Weaning with Attention
The following was taken from a discussion on the RC e-mail discussion list for leaders of parents.
Hi dear parents,
I am hoping to hear from those of you who have weaned a child. My daughter is almost two, and we are still nursing two to four times a day.
Nursing is one of many ways that she and I are close to one another, but I can tell [perceive] that for her it is sometimes also a way to escape hard feelings—maybe about being separated from me or about her birth.
I have enjoyed this time of nursing, but I’d like to make room for her to discharge more. I would also like to be finished with this piece of the labor of mothering and find even more ways to connect with her.
I have two older children. The first was unable to nurse, which was a big disappointment. The second seemed to lose interest in it after her dad and I separated and we regularly spent two to three days apart. This last child and I have had the longest opportunity to enjoy nursing, and I have treasured it. I cry as I write this, so I guess I know where to discharge!
I would love to hear about how nursing has gone for you. People talk and offer strong opinions about so many “methods”—a huge part of parents’ oppression, no doubt! How did you set it up? What worked for you?
USA
Thanks for writing with your question about weaning. It sounds like you have already figured out that we moms need to discharge our separation feelings when we stop nursing. That’s great! The discharging helps us to notice what our child is going through when we’re weaning and to have the attention to give sessions, particularly about separation.
I would suggest that you wean slowly and allow your daughter to discharge as you go. You could start by cutting down by one nursing time a day. You could talk with her about how you are cutting back because she can eat other food now, and how you both still get to be close, and ask her what she thinks about it. Even if she is agreeable, you will need to pay attention to the feelings that might come up for her.
As you know, nursing is a lovely way to be close. Also, heavy feelings—of separation, for example—can get mixed up with it, so weaning is an opportunity for your daughter to discharge anything she might have put aside during the period when she was nursing. Spend a lot of time with her during the times she had expected to nurse and see if she misses it.

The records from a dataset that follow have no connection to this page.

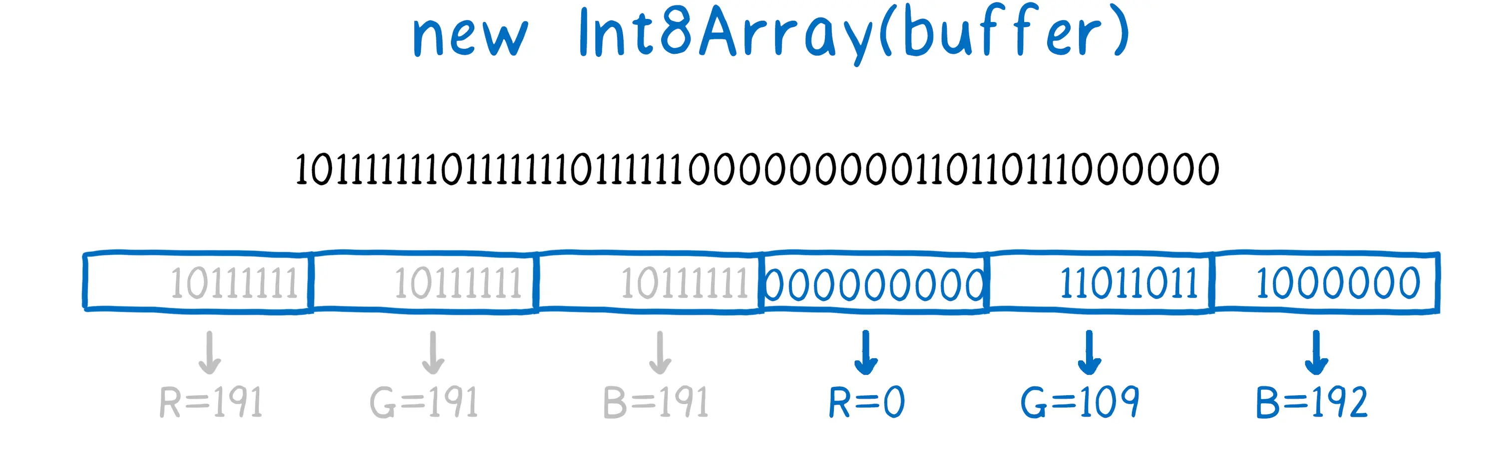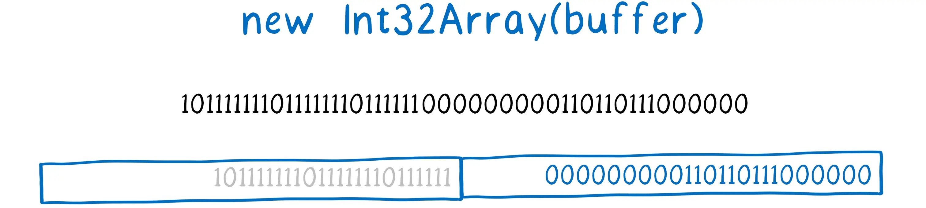 线性内存其实是一大行0和1。如果你想赋予这些0和1意义,那你需要指出如何分割它们。你要做的是为AarryBuffer创建一个TypedArray,告诉JavaScript如何对AarryBuffer里的比特位(bit)行分段。就像正在绘制的格子围绕着这些比特位对它们说那些比特位是属于那些数字。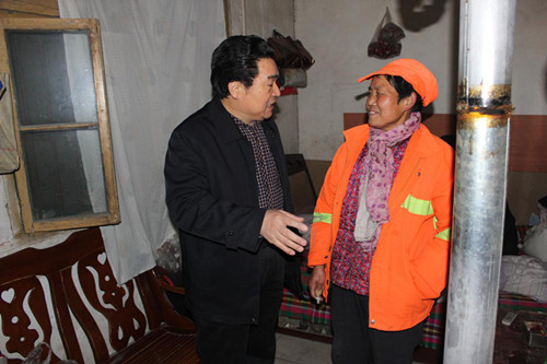 河南街小區(qū)保潔員王菊芹,家中子女常年在外與家里少有聯(lián)系,老伴又年老多病無(wú)法務(wù)工,還要撫養(yǎng)外孫上學(xué),僅憑她做保潔的收入在河南街村租住了一間不及12平米的小屋作為三人的居所。趙明海首先感謝了她對(duì)公司默默作出的貢獻(xiàn),鼓勵(lì)她說(shuō):“困難都是暫時(shí)的,要相信在城投集團(tuán)的正確領(lǐng)導(dǎo)下,我們物業(yè)公司會(huì)越來(lái)越好,只要努力工作,公司會(huì)想方設(shè)法為職工解決困難!蓖瑫r(shí)要求工會(huì)和團(tuán)支部要積極與上級(jí)溝通,取得支持,切實(shí)為困難職工辦實(shí)事,辦好事。王菊芹對(duì)公司領(lǐng)導(dǎo)在春節(jié)前夕前來(lái)看望慰問(wèn),激動(dòng)地緊緊握住公司領(lǐng)導(dǎo)的手連聲表示感謝。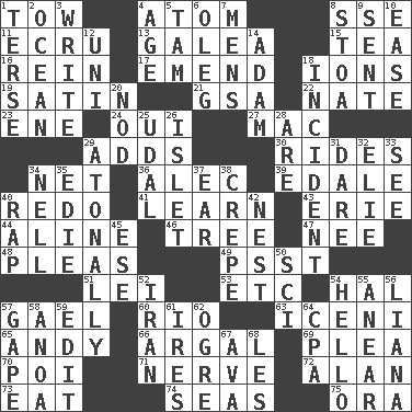 ACROSS 1. Pull behind 4. Tiny particle 8. Compass dir. 11. Shade of tan 13. An organ shaped like a helmet 15. Afternoon social gathering 16. It's straight from the horse's mouth 17. Make improvements or corrections to 18. Charged atoms 19. Smooth fabric 21. Girls' org. (abbr.) 22. Nathan's nickname 23. Compass dir. 24. Fr. "Yes" 27. Big _ 29. Does sums 30. Amusement-park features 34. Fish or hair follower 36. Actor Baldwin 39. Peak District village in England 40. Redecorate 41. Memorize 43. One of the Great Lakes 44. Place in a line 46. Family _ (genealogy) 47. Born 48. Entreaties 49. Inconspicuous attention getter 51. Flowery wreath 53. And so on (abbr.) 54. Actor Linden 57. Highlander 60. _ de Janeiro 63. Ancient Celtic tribe of eastern Britain 65. Actor Griffith 66. Therefore, facetiously 69. Entreaty 70. Luau course 71. Boldness 72. Actor Alda or Thicke 73. Erode 74. Oceans 75. Mouth or opening DOWN 1. Laconic 2. Sea 3. Compose 4. Ripen 5. Scottish cap 6. Cassini of fashion 7. Not women's 8. Portico 9. Transmitted 10. Comfort 12. Single; one (prefix) 14. First man 18. Happening 20. Lower and raise head in agreement 25. Freehold land 26. Small island 28. "We ___ not amused" (Victoria) 29. Without tonality 31. Have the gumption 32. Writer Wiesel 33. Observe 34. 1994 drama film starring Jodie Foster 35. Singer Brickell 37. Hearing organ 38. Streamer paper 40. Reproach for some lapse or misdeed 42. A home for chicks 45. Compass dir. 50. _-fi 52. SW Asia republic 54. Phone greeting 55. Approach 56. Woody, climbing, usually tropical plant 57. Yawn 58. Small Philippine buffalo 59. Prepare for publication 61. Angers 62. Legendary monster 64. Accounting whiz (abbr.) 67. Actress Gardner 68. French article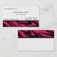 Carte zèbre noire et rose avec beaucoup de place en blanc pour des informations de contact importantes.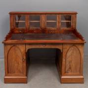 Mahonie bureau met opstand, waarin laatjes en beglaasde deurtjes, het onderstel met spitsbogen in de deuren, circa 1840 -kleine defecten, waaronder aan ladetrekkers, bekleding blad en fineer-, 124 × 141 × 70 cm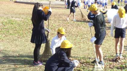 八幡屋公園にたてわり班で、落ち葉ひろいなどのそうじに行きました。地域やPTA、スポーツパークセンターの方々も来られて、お手伝いをしていただきました。とてもたくさんの落ち葉を集めることができました。みなさんもよくがんばりましたね。
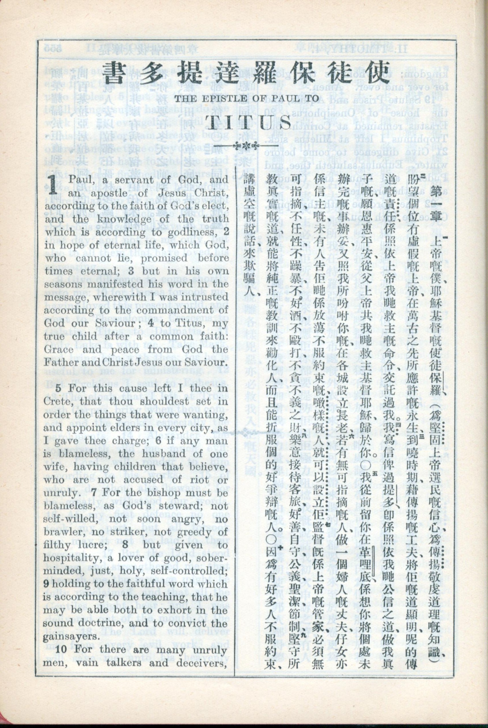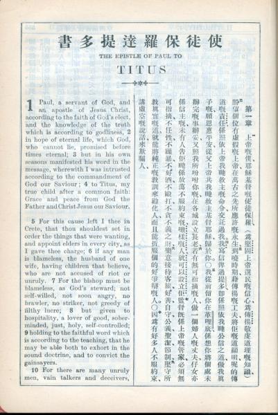 1931年新约全书广东话新译本与美国新译英文 提多书 1 章 1 节到 1 章 10 节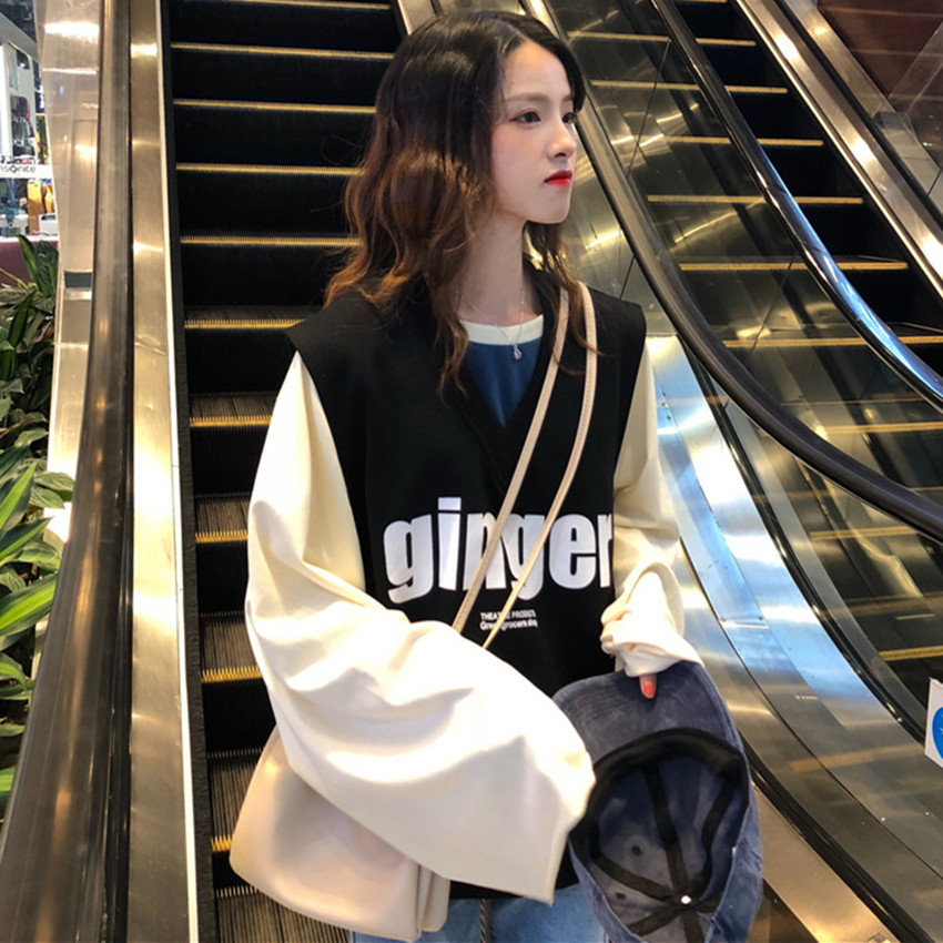 / 秋季女裝韓版學院風寬松字母印花V領套頭背心無袖馬甲上衣外套潮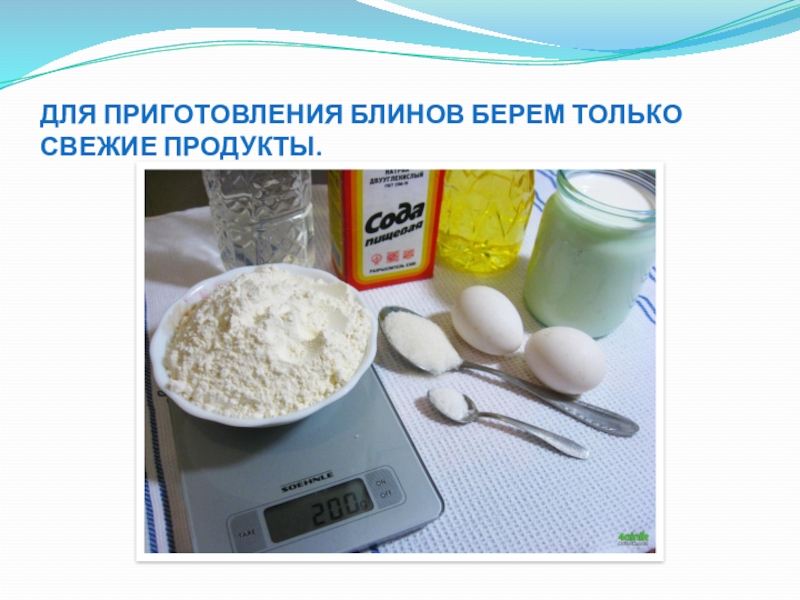 Слайд 4Для приготовления блинов берем только свежие продукты.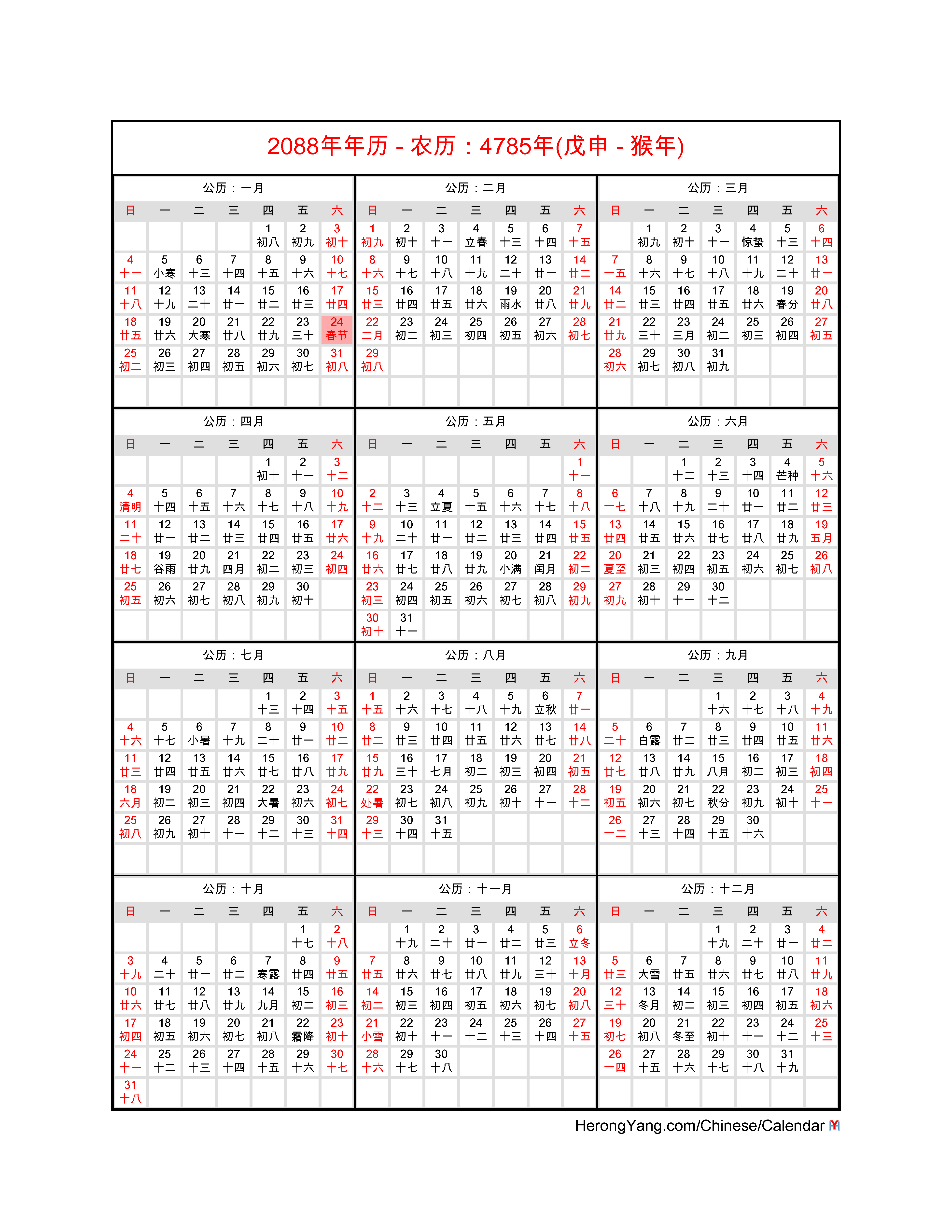 Want to know when is the 2088 Chinese New Year day? Look for free Chinese calendars for 2088?

She may cry. Or you can play games with her about not nursing and see if she laughs. Or you can just play and laugh with her about anything.
Doing more special time is also a good idea, to give her the security to be able to show you her distress.
Probably the last time of day to stop nursing is bedtime, when all the feelings from the day tend to come up. I would play and be close to her at bedtime, as much as you can. You can eventually say, “We’re not going to nurse right now,” and see if there’s a session there. If she has a good cry, you can also nurse after that.
Stretch the process out for as long as you can and see what your daughter can tell you. You can get closer in the process.
Somerville, Massachusetts, USA
It has been great to read the posts about nursing and weaning and remember my days of nursing my son, who is now eleven. I want to add another element to this discussion, from the perspective of a USer.
U.S. society separates and divides us every step of the way and puts a premium on [values highly] a particular picture of independence. People started asking me if I had weaned my son when he was six months old. The underlying message was that he needed to be independent and start separating from me and that it was “good” for him and “good” for me to stop nursing.
In general I would let my son nurse for as long as he wanted. At times I would tell him that we were not going to nurse at that moment and that we could be close in other ways or he could have a session about wanting to nurse. I needed lots of sessions about closeness and separation to be able to counsel him. There were also probably plenty of times when he nursed primarily for comfort and closeness. It’s true that feelings about closeness and separation get mixed in with nursing, but it’s also a wonderful, human way to be close.
When my son was about two and a half, he gradually stopped asking to nurse, and I stopped offering.
Now he is eleven and is still welcome to sleep with my partner and me in the same bed. I have had to stand my ground on this [persist with this in the face of opposition] with my male partner. My son has chosen to stay in bed with us and snuggle every night and most mornings. Lately he’s been experimenting with sleeping on a separate mattress in the same room. I get to have my own sessions about separation and loss and then marvel at how smart he is in finding his way.
The pressure to be separate from others is so fierce and persistent in U.S. society. Both my nursing and sleeping decisions have been based on fighting for closeness with my son in the face of what the society deems is “acceptable” and “good” for families. I have a different understanding: that self-confidence and independence come from having a solid base and home and that my job as a parent is to nurture and preserve that.
Different things are possible in each family. I think it’s useful to think about how, given what our lives are like, we can preserve and fight for closeness with our children while at the same time giving them (and ourselves) opportunities to work on the feelings about separation and closeness.